ENG3110 - Shakespeare and his Universal Themes

Year of Study:3
Credit Units: 3
Duration: 45hours
Prerequisites: ENG1100 Introduction to Literature,
ENG2100 Exploring the Genre of Poetry,
ENG2101 Exploring English Novels,
ENG2102 Drama and Theatre
or with special permission from Instructor and approval by Department Head
Module Description
This module is designed to introduce students to the plays and dramas of William Shakespeare, one of the most important writers in the history of the English language. This module will discuss the cultural context in which Shakespeare’s plays were originally written and performed, as well as historical and modern contexts in which Shakespeare’s work as been continually appreciated and reinterpreted.
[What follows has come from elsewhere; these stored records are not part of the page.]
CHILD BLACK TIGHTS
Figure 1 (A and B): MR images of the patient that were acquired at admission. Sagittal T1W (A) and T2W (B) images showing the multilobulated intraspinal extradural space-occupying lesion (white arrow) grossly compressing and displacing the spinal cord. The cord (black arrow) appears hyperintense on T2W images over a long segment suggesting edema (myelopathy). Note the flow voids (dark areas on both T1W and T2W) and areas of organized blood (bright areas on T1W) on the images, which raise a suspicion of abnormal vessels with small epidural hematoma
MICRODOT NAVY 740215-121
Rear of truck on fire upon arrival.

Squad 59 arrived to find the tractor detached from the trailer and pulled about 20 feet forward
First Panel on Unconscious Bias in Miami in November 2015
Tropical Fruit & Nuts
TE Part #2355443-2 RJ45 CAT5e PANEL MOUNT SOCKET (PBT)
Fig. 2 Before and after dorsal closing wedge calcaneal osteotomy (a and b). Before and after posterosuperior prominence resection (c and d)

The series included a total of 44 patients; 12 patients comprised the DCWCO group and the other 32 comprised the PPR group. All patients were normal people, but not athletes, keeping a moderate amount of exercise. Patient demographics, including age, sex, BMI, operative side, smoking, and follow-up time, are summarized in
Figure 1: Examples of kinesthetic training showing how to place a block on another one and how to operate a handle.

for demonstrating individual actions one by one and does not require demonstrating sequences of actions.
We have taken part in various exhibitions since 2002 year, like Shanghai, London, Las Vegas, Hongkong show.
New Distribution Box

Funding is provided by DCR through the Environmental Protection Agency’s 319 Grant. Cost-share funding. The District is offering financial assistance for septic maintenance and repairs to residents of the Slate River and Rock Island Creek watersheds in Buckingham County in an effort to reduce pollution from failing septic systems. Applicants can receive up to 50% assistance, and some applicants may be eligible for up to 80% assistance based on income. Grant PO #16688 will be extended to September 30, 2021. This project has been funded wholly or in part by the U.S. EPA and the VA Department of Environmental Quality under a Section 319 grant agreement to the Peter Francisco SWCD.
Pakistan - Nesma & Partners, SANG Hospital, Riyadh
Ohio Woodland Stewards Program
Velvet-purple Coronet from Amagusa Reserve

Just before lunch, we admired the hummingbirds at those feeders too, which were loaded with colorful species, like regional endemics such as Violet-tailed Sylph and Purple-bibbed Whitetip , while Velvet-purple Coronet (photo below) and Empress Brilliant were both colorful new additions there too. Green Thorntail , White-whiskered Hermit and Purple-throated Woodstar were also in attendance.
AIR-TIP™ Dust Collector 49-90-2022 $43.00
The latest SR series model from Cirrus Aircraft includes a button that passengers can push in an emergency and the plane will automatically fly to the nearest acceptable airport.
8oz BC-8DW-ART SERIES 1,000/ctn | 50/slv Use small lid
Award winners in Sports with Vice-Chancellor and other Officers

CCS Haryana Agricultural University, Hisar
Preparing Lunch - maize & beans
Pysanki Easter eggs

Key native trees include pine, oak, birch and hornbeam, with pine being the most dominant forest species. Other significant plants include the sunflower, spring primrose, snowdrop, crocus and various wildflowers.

This model will discuss examples from four of the major types of Shakespearian drama: history, tragedy, comedy and romance plays. While developing an understanding of Shakespeare’s strategies and techniques for narrative and character development, and the universal themes from which his plays are developed, students will also develop a deeper level of cultural literacy in English speaking cultures, within which Shakespeare’s plays have remained relevant for more than four hundred years.
Learning Outcomes
Upon completion of this module, students should be able to:

  1. demonstrate through writing and class discussion an appreciation of specific Shakespearian plays representing the genres of history plays, tragedy, comedy and romance.
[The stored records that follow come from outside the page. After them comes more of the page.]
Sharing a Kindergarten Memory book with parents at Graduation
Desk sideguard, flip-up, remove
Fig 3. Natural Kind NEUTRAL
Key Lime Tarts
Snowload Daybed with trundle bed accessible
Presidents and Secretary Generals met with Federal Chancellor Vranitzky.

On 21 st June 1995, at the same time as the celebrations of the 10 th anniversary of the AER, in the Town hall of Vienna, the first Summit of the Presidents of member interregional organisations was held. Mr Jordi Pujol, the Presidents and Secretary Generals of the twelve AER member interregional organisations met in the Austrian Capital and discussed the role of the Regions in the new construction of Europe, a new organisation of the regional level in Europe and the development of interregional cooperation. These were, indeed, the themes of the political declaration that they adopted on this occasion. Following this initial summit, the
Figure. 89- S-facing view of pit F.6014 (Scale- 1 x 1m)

  2. demonstrate an awareness of a range of dramatic themes and methods from the material covered and an ability to relate them to their original and current social and cultural contexts.

  3. demonstrate a capacity to identify, address and inter-relate the appropriate interpretive and theoretical issues arising from Shakespearian drama and to produce critically informed analyses.
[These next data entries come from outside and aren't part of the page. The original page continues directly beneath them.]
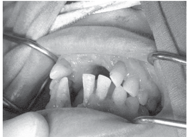
Figure 1. Intraoral clinical examination revealed tooth mobility, deep periodontal pockets, furcation lesions, gingival bleeding and heavy plaque deposits.

Almost all teeth were severely destroyed and/or periodontally compromised. The patient and her family were clarified about her oral conditions and a decision was made for full-mouth tooth extraction and subsequent prosthetic rehabilitation. Before exodontia, medical consent was obtained and routine laboratory tests were done. The surgical procedures were scheduled in blocks under general anesthesia. The postoperative course was uneventful. Five months after extractions, the panoramic radiographic control did not show radiographic alterations suggestive of bone malformation (Fig. 3).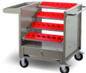
TW-4B1D (13-5) Package: 1 pc/2 ctn/5.3cuft N.W.: 50kgs G.W.: 53kgs Drawer base 595Wx650Dx160H mm Drawer 540Wx390Dx112H mm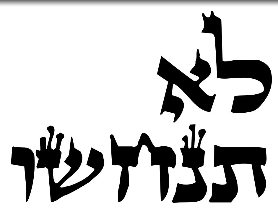
Read God's Torah. It was "written" so that it should be read— not ignored in favor of what the masses follow. God made it quite clear: "do not make signs". Additionally, they don't work.

Maimonides admonished foolish people who look to the mezuza for physical protection. (Hilchos Mezuza, 5:4). There, he calls such people fools for seeking protection. He states that they take a command, which is in fact for the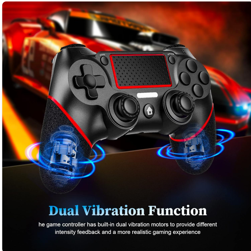
Illustration of the dual vibration function providing intensity feedback.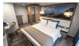
Balcony Stateroom Superior Captain's Suite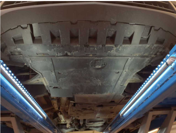
Figure 29: Misc.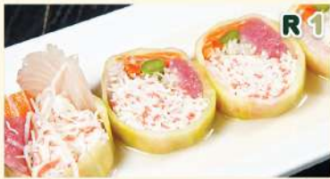
ROCK & ROLL ROLL 14.00

tuna, salmon, white fish, crab, radish, radish sprout with cucumber wrap, ponzu sauce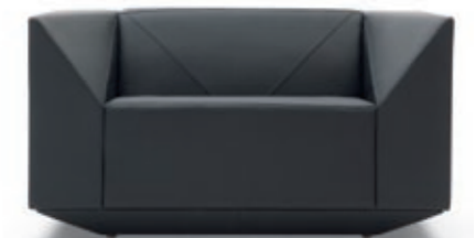
GHOST. Design by Eero Koivisto. Ghost combines a modern interior shape with a classic cubic exterior. Available as a sofa and easy chair.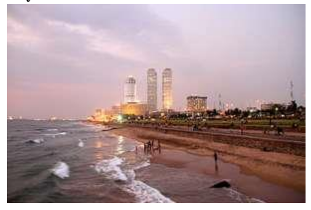
Day 1: Arrival - Colombo

You will be welcomed by Sanki Leisure representative at the airport before you are transferred to Colombo. After checking in at the hotel, you will go on an afternoon city tour of Colombo. You will return to the hotel for dinner and overnight at hotel

  4. transfer above skills into intellectual and professional skills to construct and communicate a sustained analysis of texts and to conduct research and evaluate the material in a wider cultural and intellectual context.

  5. use e-learning platforms, such as the Moodle-based eCampus system, to participate in on-line guided class discussions, together with internet-based electronic tools for academic research.